There is an abundance of literature – archaeological, historical, paleoclimatic, and paleoenvironmental – born out of the reasonable premise that past climatic shifts were of magnitudes that must have had cultural consequences.  Such work, however, has struggled to move beyond correlation; we aim to articulate these links between paleoenvironmental and cultural change and to thereby tackle what has been a persistent challenge. This will improve our understanding of cultural trajectories, of human ecological footprints, and provide a strategy for untangling human and environmental histories in the long term.  It will make past human experience directly relevant to current global realities and challenges.  

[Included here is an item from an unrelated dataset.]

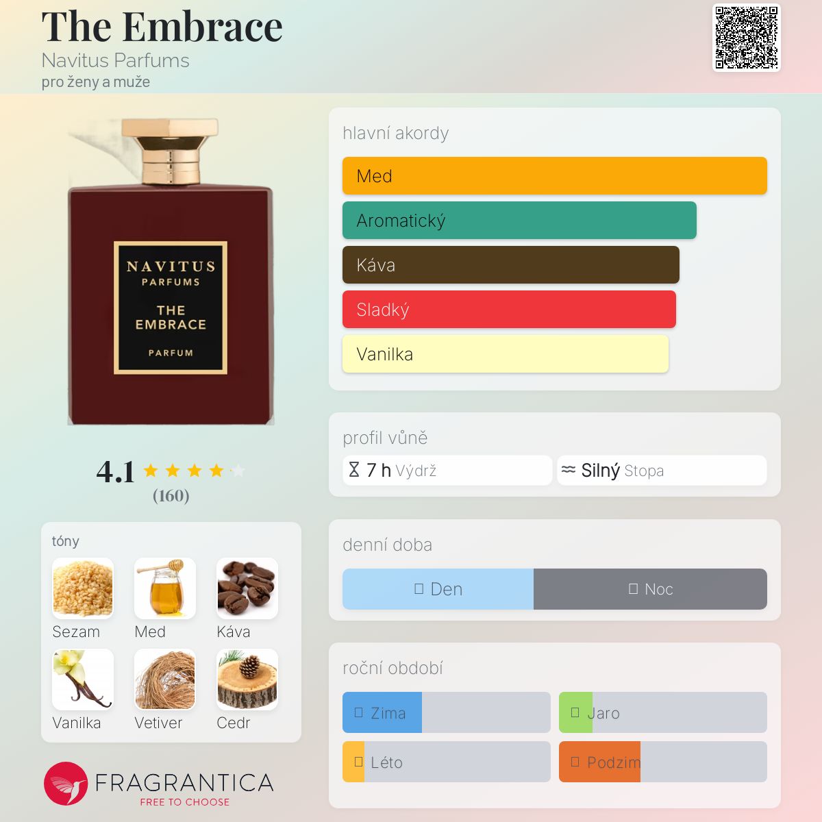 The Embrace podle Navitus Parfums je vůně pro ženy a muže. The Embrace byl/a uveden/a v roce 2020. "Nosem" za touto vůní je Sidonie Lancesseur. Vrchní tóny jsou Sezam, Italská mandarinka a Bergamot; střední tóny jsouMed a Káva ; základní tóny jsou Madagaskarská vanilka, Haitský vetiver a Virginský cedr.
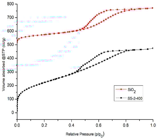 The N2 adsorption–desorption isotherm curves are shown in Figure 7. Based on IUPAC isotherm type, the SiO2 and SS-2-400 catalysts have an isotherm type of IVa accompanied by a type H4 hysteresis loop, confirming that both catalysts are mesoporous materials. The H4 hysteresis loop also confirms the presence of a narrow slit-like pore and the filling of micropores [32].

Our models aim to provide explicit, well-formulated mechanisms linking humans and environments, thereby enabling the articulation of testable hypotheses that can be compared to empirical evidence.  Questions of scale and resolution are fundamental.  Environmental parameters are generally the purview of environmental modeling and paleoclimate studies – where spatial scales are regional and temporal scales are centennial, if not millennial.  In contrast, social scientific explanation relies fundamentally on anthropological models of behavior – i.e., human decision-making at local and annual or decadal scales. 

Agent based modeling can contribute significantly to reducing this important interpretative gap. We model the human consequences of climatic change, with a view to exploring their variability across different geographies, production regimes (i.e., subsistence practice and technology, and available resources), demographic, sociopolitical and economic contexts, and environmental inheritances. This will provide a means of articulating linking mechanisms where they cannot be directly observed.

Using landscape evolution and agroecosystem models in a feedback system with agent-based models of small Mediterranean communities, and starting from a specific example of Provençal geography,this project explores the effects of climatic shifts, legacies of human activity, available subsistence options and technologies, and community size and organization on vulnerability and resilience.